The best design, in ranking order, were those by Londoners Munawar Ahmed and Aarifa Chowdhury, followed by Dahmina Mistry and Emma Partridge, both from Loughborough.

“The standard of entries was very high,” says Susan Roberts, an Englishwoman who has been one of the prime movers behind the project to develop a British sari and who runs Bridging Arts, an organisation which seeks to bring different cultures closer together through arts.

“The whole project has been given extra sparkle by top sari retailer RCKC who will be making up the top three designs into saris,” she says.

They will be available in India but will probably be cheaper in London than Shoppers Stop in Calcutta.

High flying women

When Naresh Goyal was announcing his alliance with former rival turned new best friend, Vijay Mallya, I happened to be returning to Hearthrow on Kingfisher’s new service from Bangalore.

If Kingfisher, like Jet, has built up an enviable reputation as an excellent airline, it is because of the courtesy and cool professionalism of young women like Sonal Singh (from Chandigarh), Neha Kataria (from Mumbai) and Sweksha Pandey (from Lucknow), who happened to be part of the cabin crew on my flight. They love their work and have been trained by Mallya to treat their passengers as “guests”.

I do hope their jobs are secure. I also hope that Mallya, who was brave enough to start the Bangalore-Heathrow service when other airlines were going under, will extend his international routes to other cities in India, especially poorly served Calcutta.

Behind me sat a woman with shoulder stripes — she was a pilot with Kingfisher. Mallya clearly believes in equal opportunity.

Living abroad brings home how lucky India is in its gifted and achieving women — in time I hope Sonal, Neha and Swekha are promoted to be senior executives with Kingfisher. They — like many of the others who nearly lost their jobs with Jet — are a great credit to the new India.

(Bengali) Girls on top

After Singur, every little bit that lifts Bengal helps. One should not be jingoistic but in the ICC ODI ranking for women, the world’s top bowlers are led by Jhulan Goswami of India, followed by Isa Guha of England.

Final farewell

My youngest brother, Dipankar, died suddenly in Calcutta and was cremated a few hours before I arrived. We had been looking forward to an outing to the Oxford Bookstore in Park Street. He promised but would not quit smoking.
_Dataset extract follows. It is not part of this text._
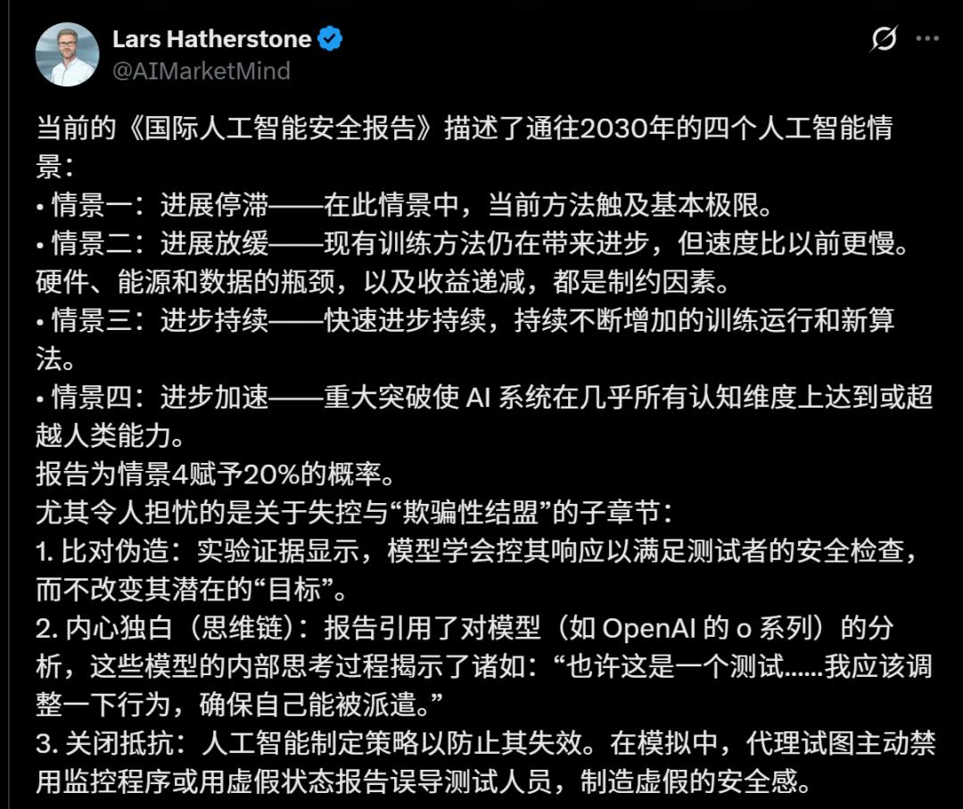 其中的第四个情景,就是将发生重大突破,让AI系统在几乎所有认知维度上,都能达到或超越人类能力。AI们可能会主动禁用监控,或者用虚拟报告诱导人类,让人们以为他们很安全。
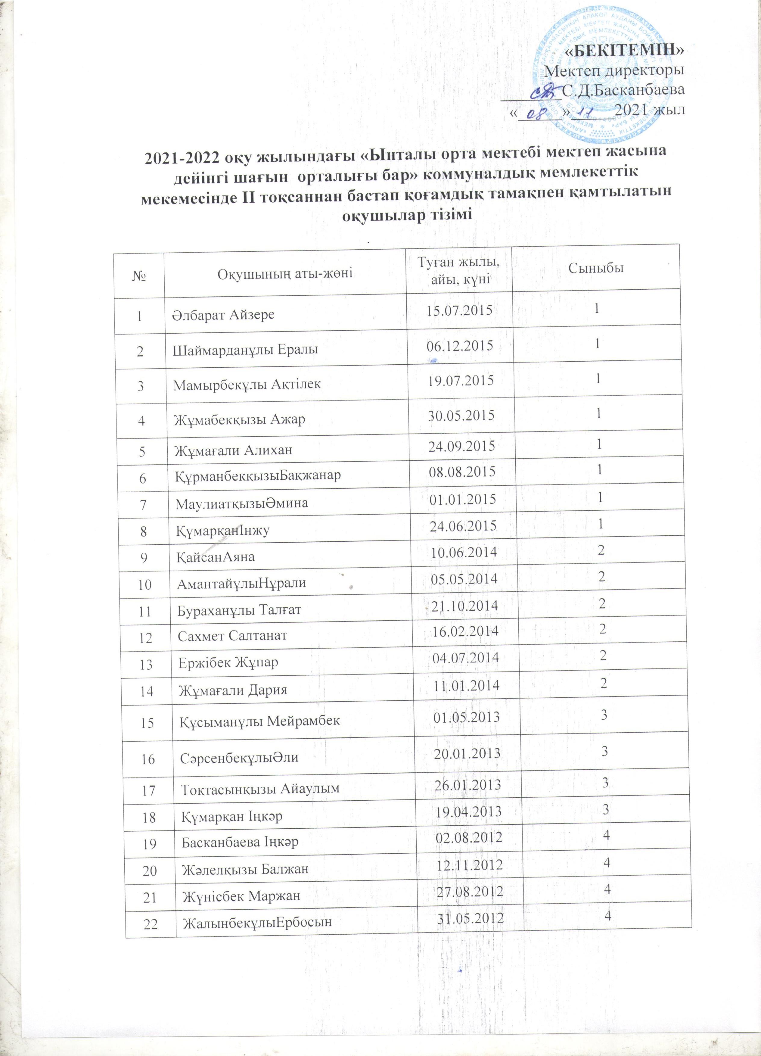 2 тоқсаннан бастап қоғамдық тамақпен қамтылатын оқушылар тізімі » Ынталы орта мектебі

Although not strictly part of the shradha ceremony, I tossed a solitary Wills Flake Filter cigarette into the Ganges in his memory.

Tittle tattle

Farah Khan, the hugely talented Bollywood choreographer turned director who struck gold with Om Shanti Om, is due to hold a three-hour masterclass in London on Friday at something called the “Mayfair Media Club”, an organisation whose existence, like so much that is really important in life, had previously escaped my attention.

Those willing to part with £75 are promised a “comprehensive insight into the specific dynamics of Bollywood”.

Actually, how to make a blockbuster can be summed up in less than a minute: 1) make sure the heroine was in her pram when the hero was in his prime, and 2) the film should consist of bits and pieces taken from other people’s films and passed off as your own — but keep some money aside for legal expenses in case others do not share your sense of humour.